ASSIGNMENT
Set each line of the material below down word for word, from the first through the line that holds "Vibrant Floral Medallion", but not the pictures.

MATERIAL PROVIDED
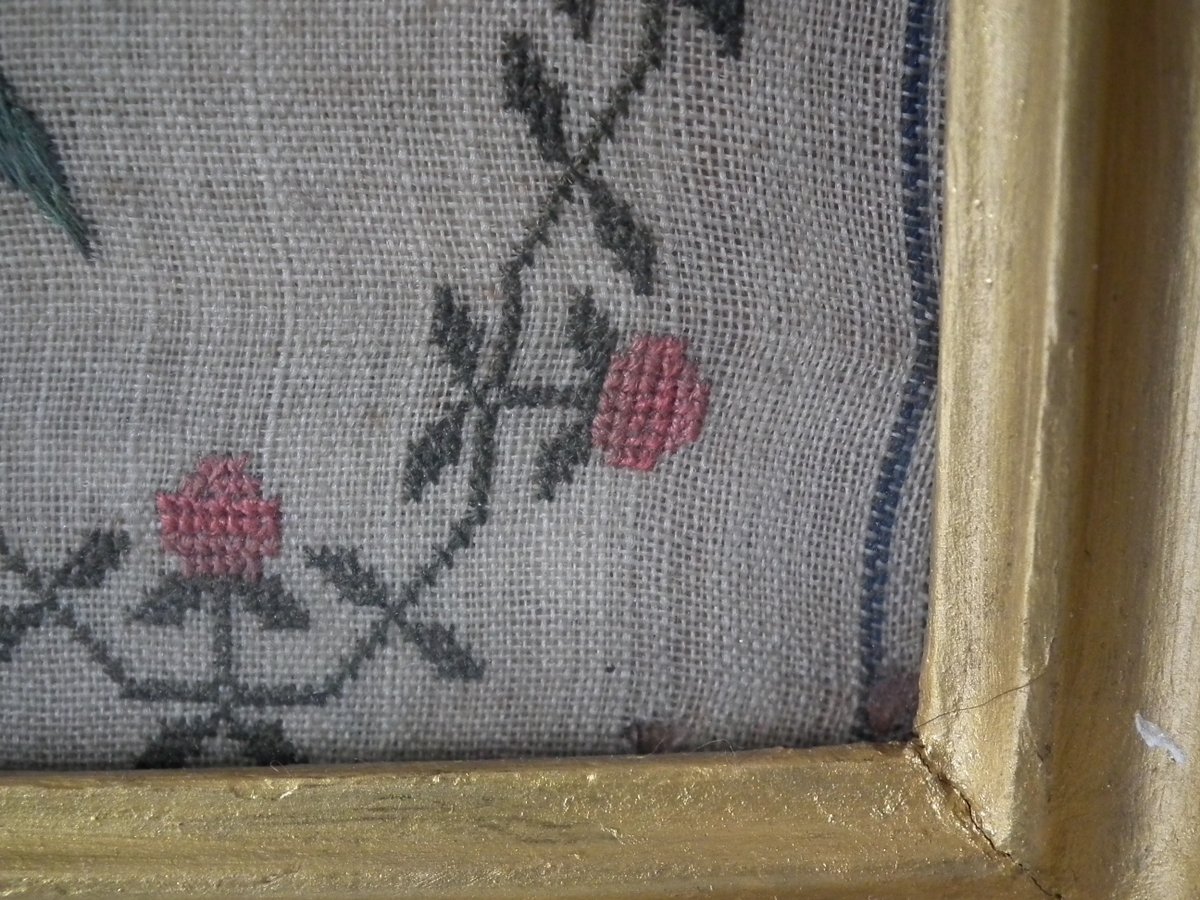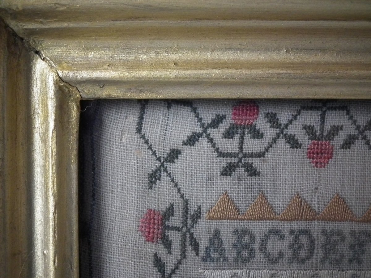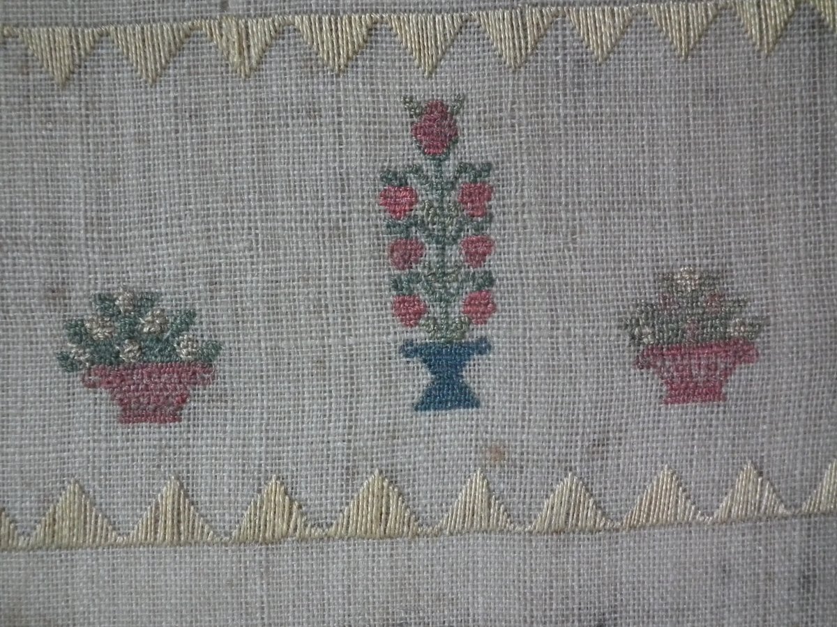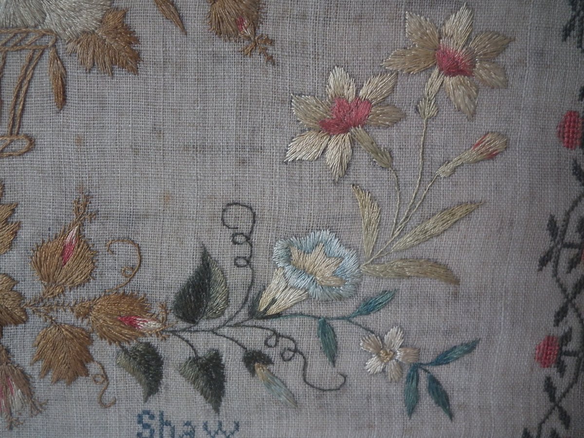 The sampler is worked in silk on linen ground, in a variety of stitches.
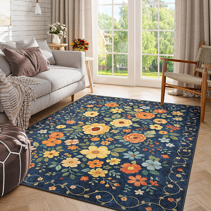 Vibrant Floral Medallion Area Rug, Navy Blue with Multicolor Flowers, Ideal for Bohemian Living Room Bedroom Decor
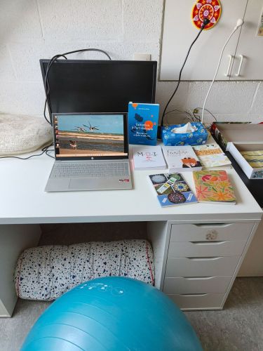 Comme vous pouvez le voir, j’ai un ballon en guise de siège. Pour mon dos, c’est meilleur. J’ai mis un gros coussin/boudin pour y déposer mes petits petons et pour que mes genoux et mes hanches forment un angle droit, sinon, certaines tensions finissent par arriver. Je devrais surélever mon portable et mettre un clavier sans fil pour que ma tête soit droite. Heureusement, je tape à l’aveugle et je peux laisser ma tête droite tout en continuant à pianoter sur les touches de mon clavier. Continuons la visite. Sur le bureau, tout à gauche, vous pouvez apercevoir un coussin « hibou » fait mains par ma maman. Le coussin était pour mon fils, mais son chat en a pris possession et depuis la miss Héra dort là-dessus, très régulièrement. Au moment de la photo, j’ai pris quelques livres sur le sujet de l’écriture. Vous pouvez voir en premier plan, un carnet que j’ai personnalisé pour mes objectifs. Enfin, tout en haut, à gauche de la photo, à côté du bureau, sur une armoire, une boîte de puzzle vide. Le must pour les chats. A peine mis là, hop, y en avait déjà un qui squattait la place.

SOLUTION FOR THIS TASK
 The sampler is worked in silk on linen ground, in a variety of stitches.
 Vibrant Floral Medallion Area Rug, Navy Blue with Multicolor Flowers, Ideal for Bohemian Living Room Bedroom Decor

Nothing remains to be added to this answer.